[Activity] The listing is to be transcribed in full, with its images left out.

[Given data]
···

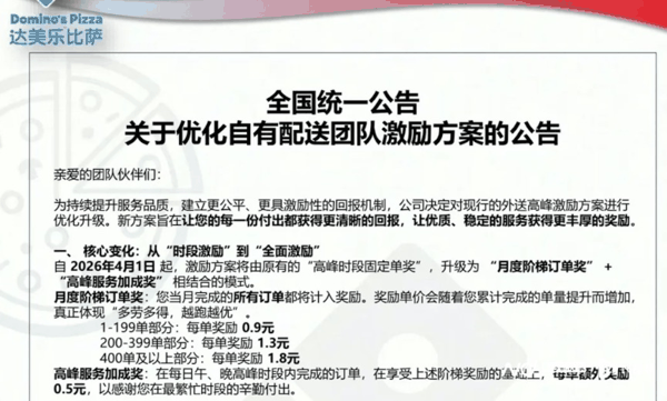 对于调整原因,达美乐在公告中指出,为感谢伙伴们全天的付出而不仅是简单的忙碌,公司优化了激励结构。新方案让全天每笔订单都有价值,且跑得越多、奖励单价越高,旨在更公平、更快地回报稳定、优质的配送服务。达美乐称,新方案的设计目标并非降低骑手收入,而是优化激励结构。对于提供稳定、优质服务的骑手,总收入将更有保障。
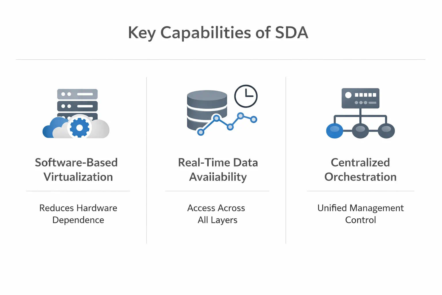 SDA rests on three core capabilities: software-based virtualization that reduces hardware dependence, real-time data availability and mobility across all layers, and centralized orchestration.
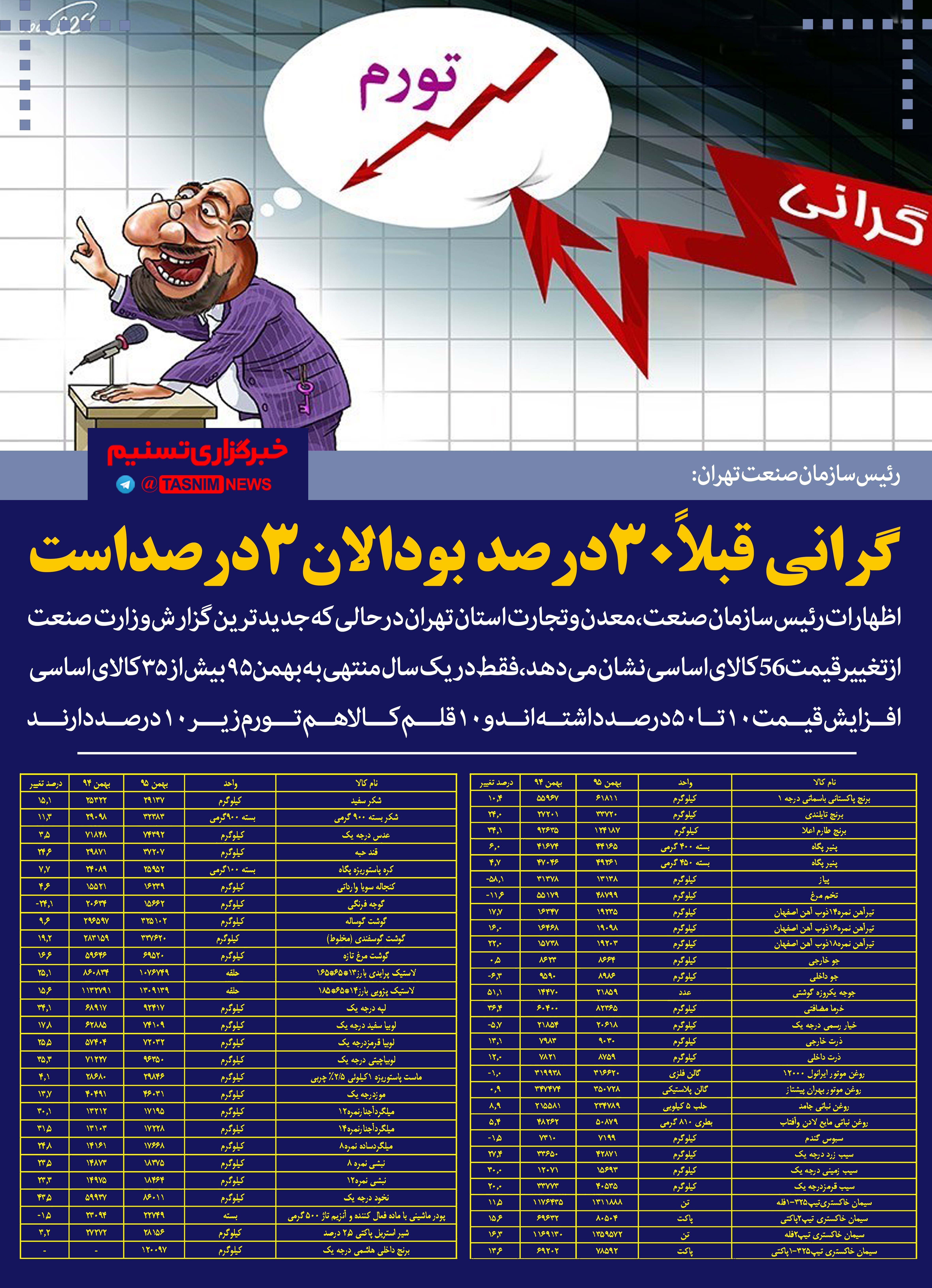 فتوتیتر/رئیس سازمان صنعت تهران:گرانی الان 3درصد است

···

[Solved problem]
 对于调整原因,达美乐在公告中指出,为感谢伙伴们全天的付出而不仅是简单的忙碌,公司优化了激励结构。新方案让全天每笔订单都有价值,且跑得越多、奖励单价越高,旨在更公平、更快地回报稳定、优质的配送服务。达美乐称,新方案的设计目标并非降低骑手收入,而是优化激励结构。对于提供稳定、优质服务的骑手,总收入将更有保障。
 SDA rests on three core capabilities: software-based virtualization that reduces hardware dependence, real-time data availability and mobility across all layers, and centralized orchestration.
 فتوتیتر/رئیس سازمان صنعت تهران:گرانی الان 3درصد است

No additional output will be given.